Records for this task:
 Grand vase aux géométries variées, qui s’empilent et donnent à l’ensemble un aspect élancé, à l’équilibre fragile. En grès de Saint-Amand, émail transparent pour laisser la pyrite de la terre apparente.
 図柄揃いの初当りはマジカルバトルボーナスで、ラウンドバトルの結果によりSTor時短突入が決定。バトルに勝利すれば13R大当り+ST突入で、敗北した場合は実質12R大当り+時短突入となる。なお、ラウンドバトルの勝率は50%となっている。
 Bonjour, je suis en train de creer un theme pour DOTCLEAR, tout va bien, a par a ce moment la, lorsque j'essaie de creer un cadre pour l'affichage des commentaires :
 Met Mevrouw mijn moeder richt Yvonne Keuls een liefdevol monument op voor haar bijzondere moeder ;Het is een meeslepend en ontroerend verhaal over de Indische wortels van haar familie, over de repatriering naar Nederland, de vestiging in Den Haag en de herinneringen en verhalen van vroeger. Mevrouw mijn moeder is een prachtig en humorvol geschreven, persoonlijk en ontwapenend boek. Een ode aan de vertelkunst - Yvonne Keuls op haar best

==

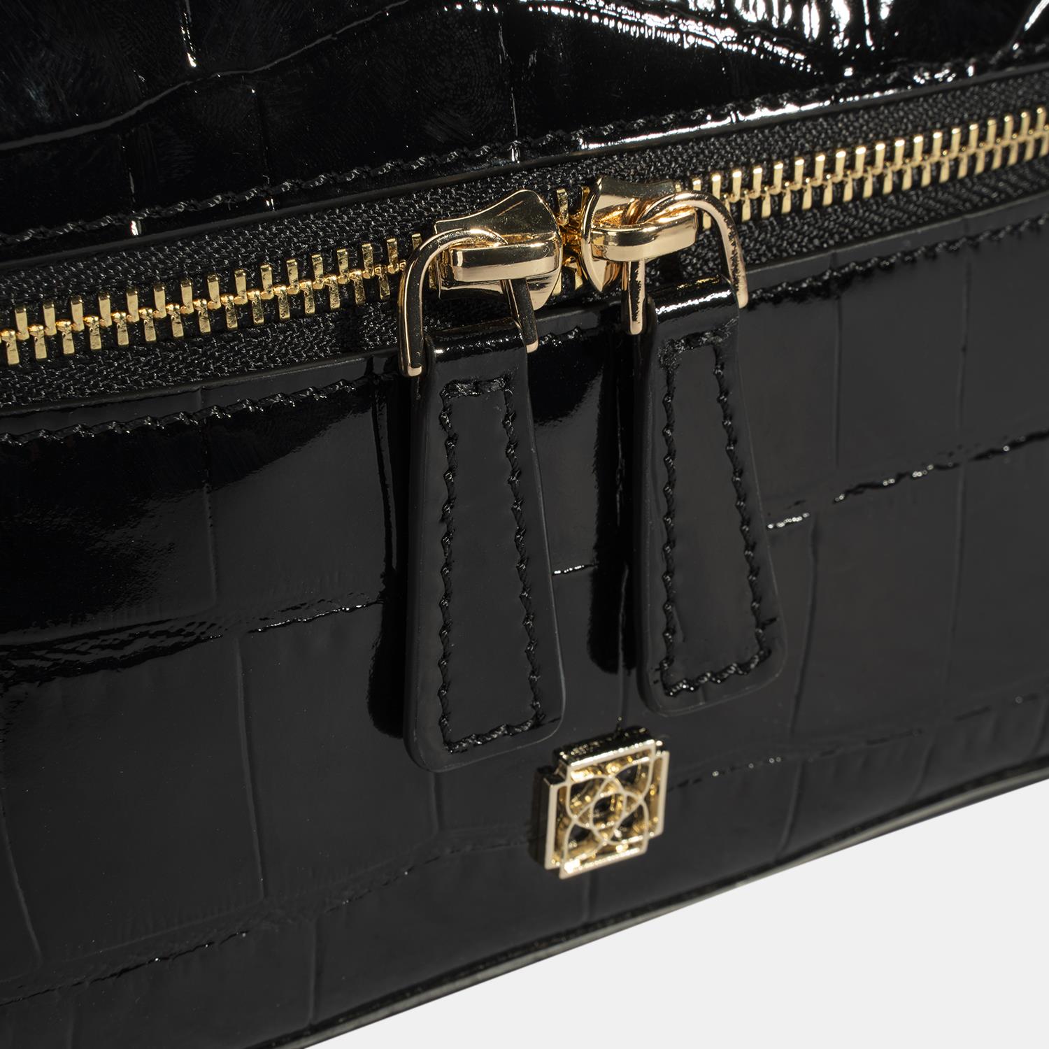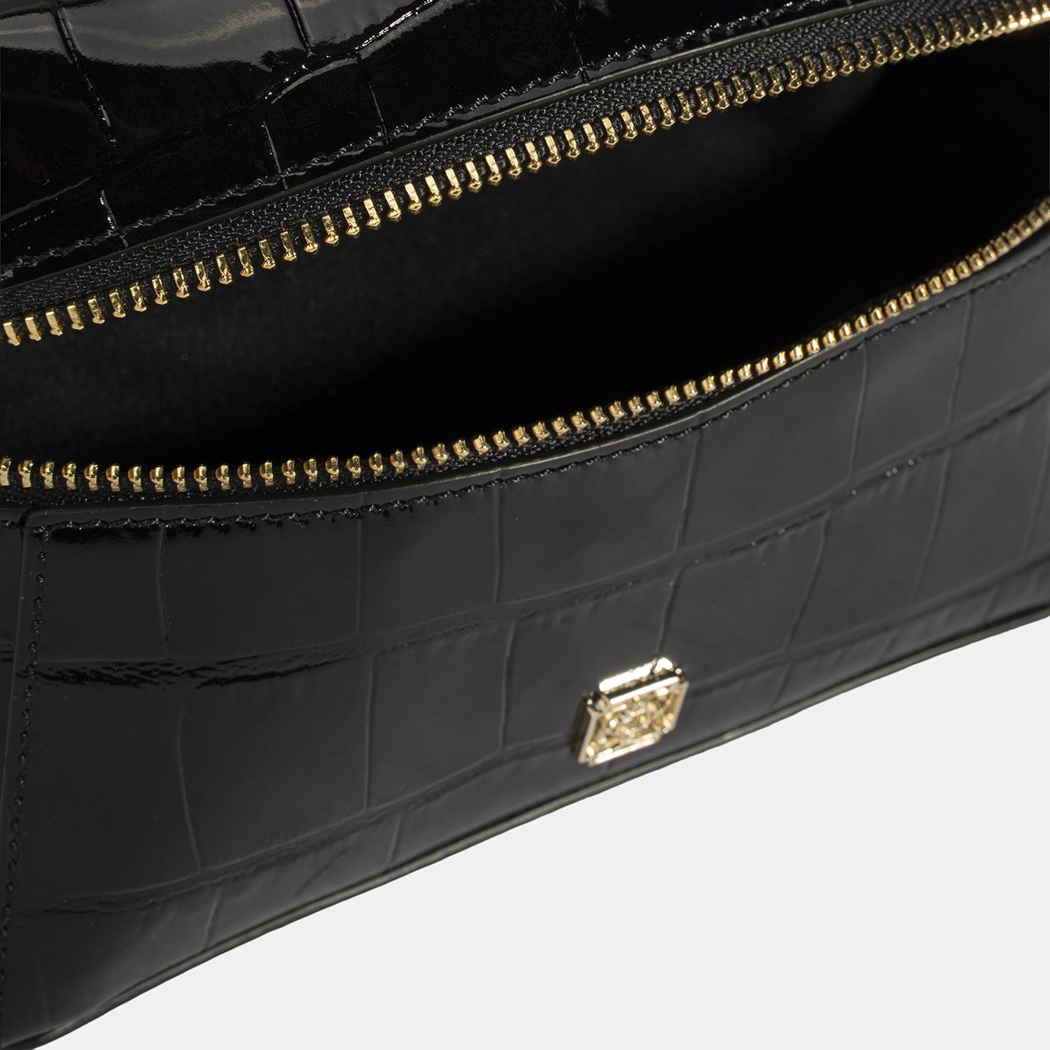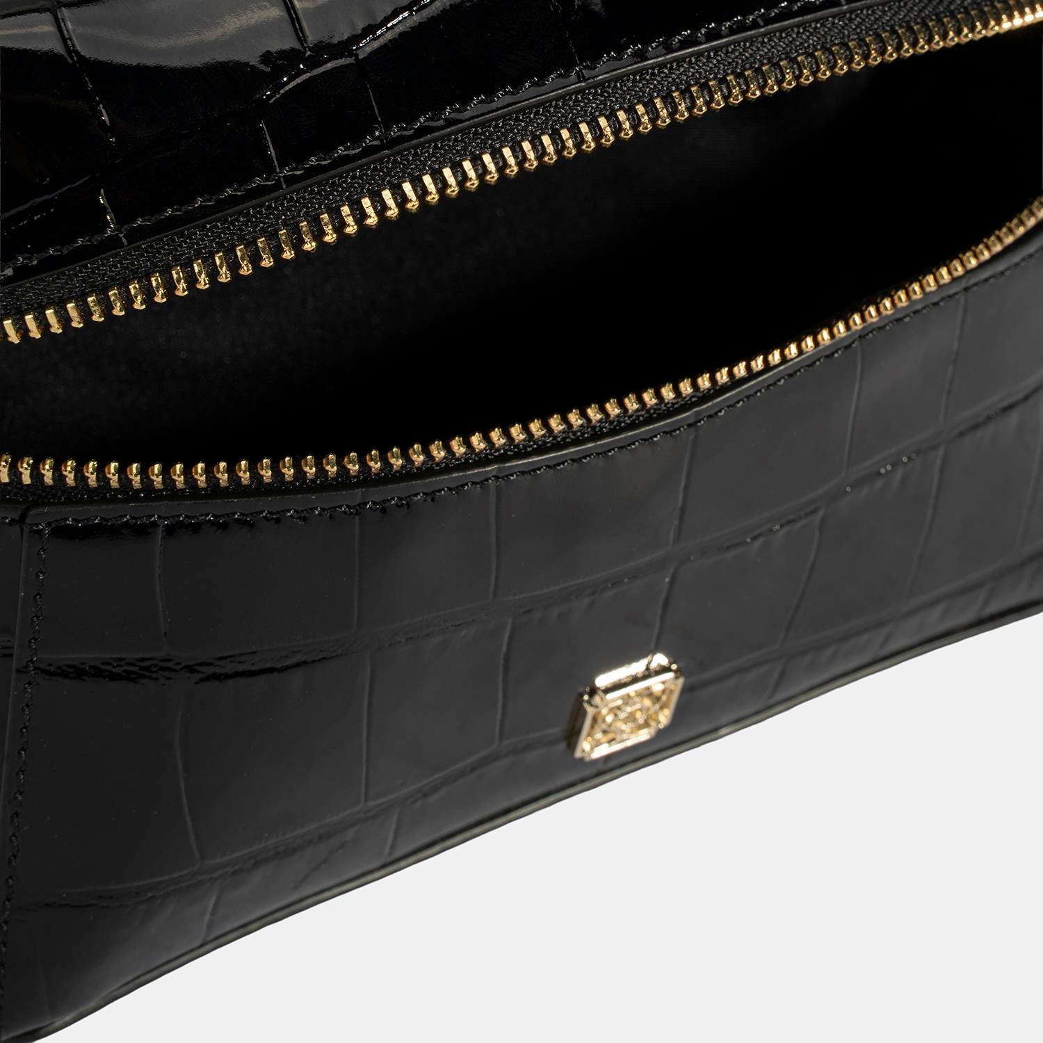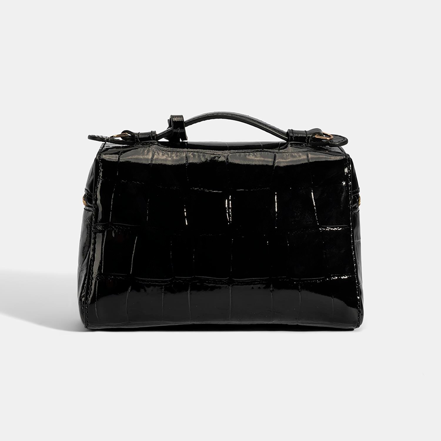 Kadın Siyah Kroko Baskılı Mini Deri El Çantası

...

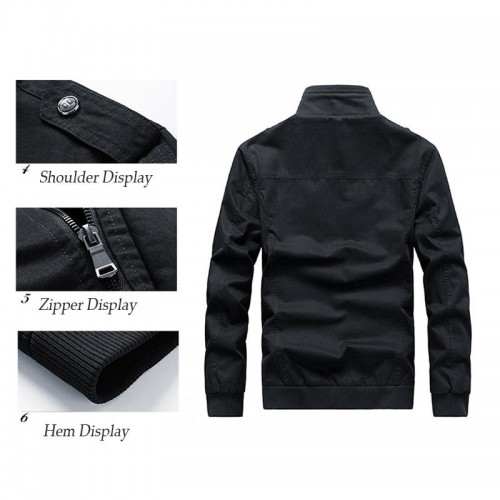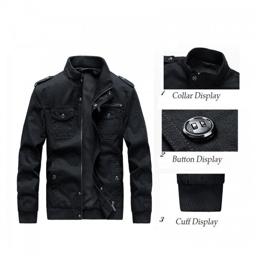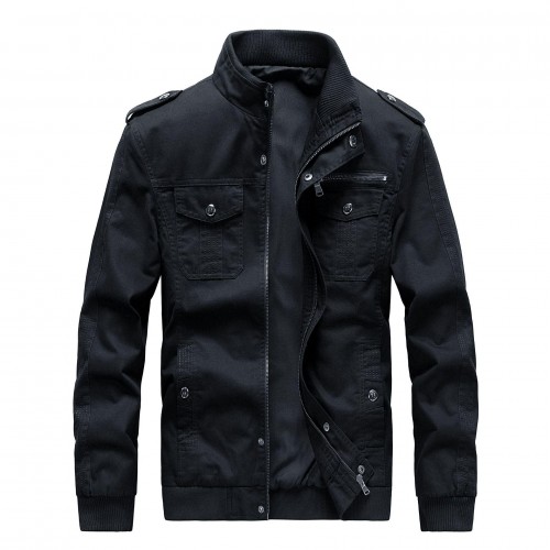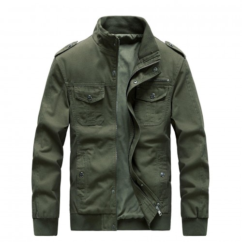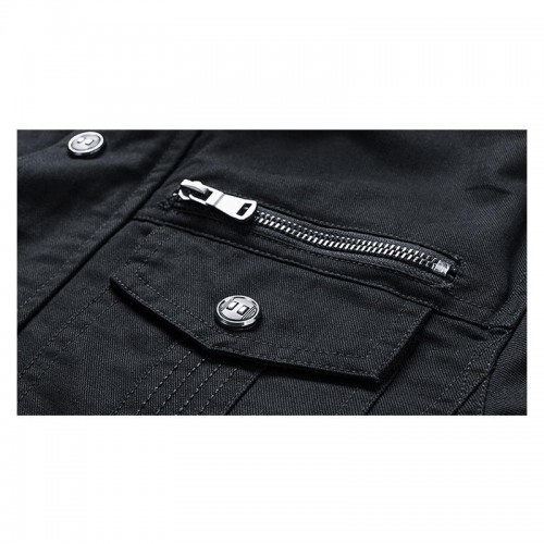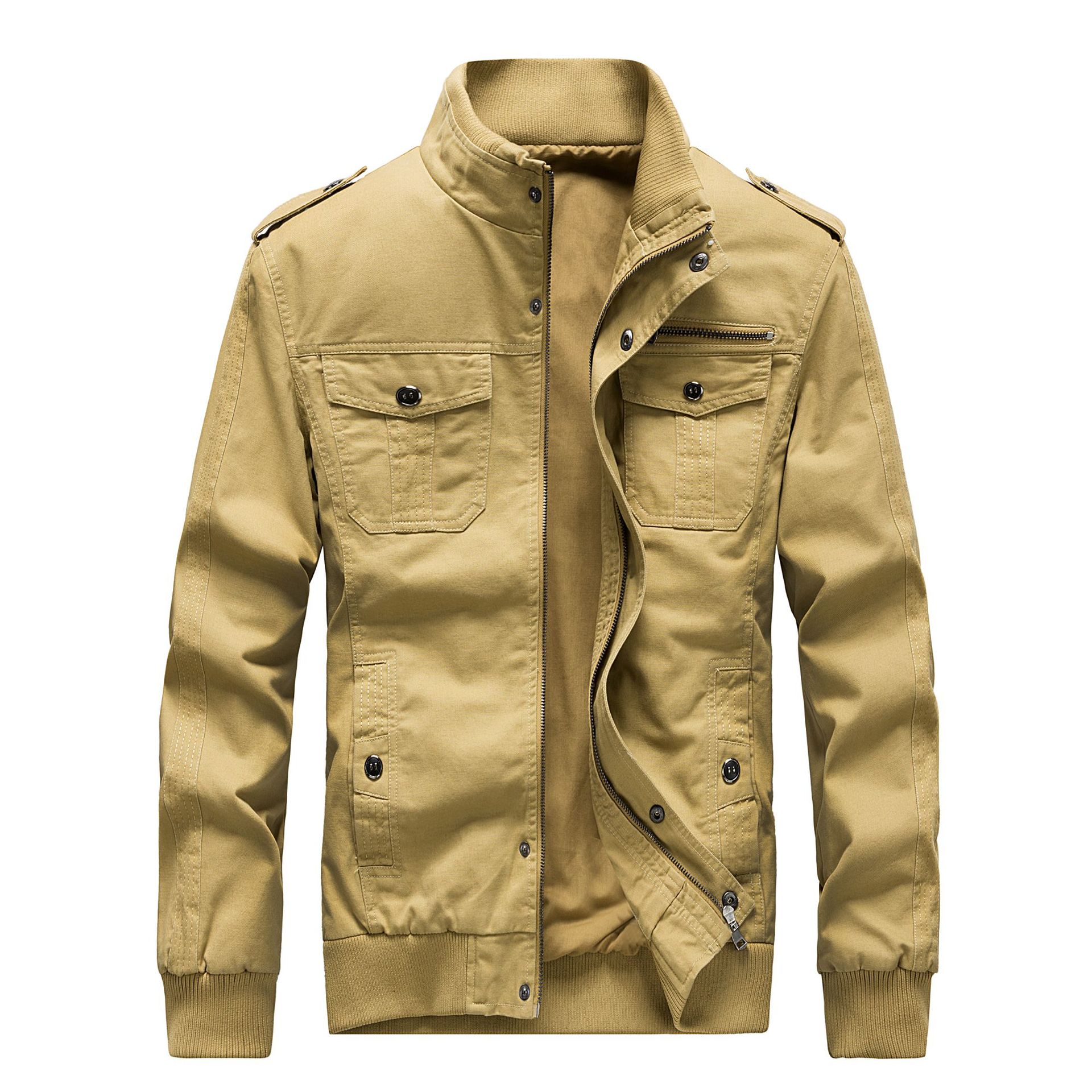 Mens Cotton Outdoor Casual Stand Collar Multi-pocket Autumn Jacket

Work request: From the data above, report how many lines hold the word "pour", answering with the number by itself.

Written solution: 2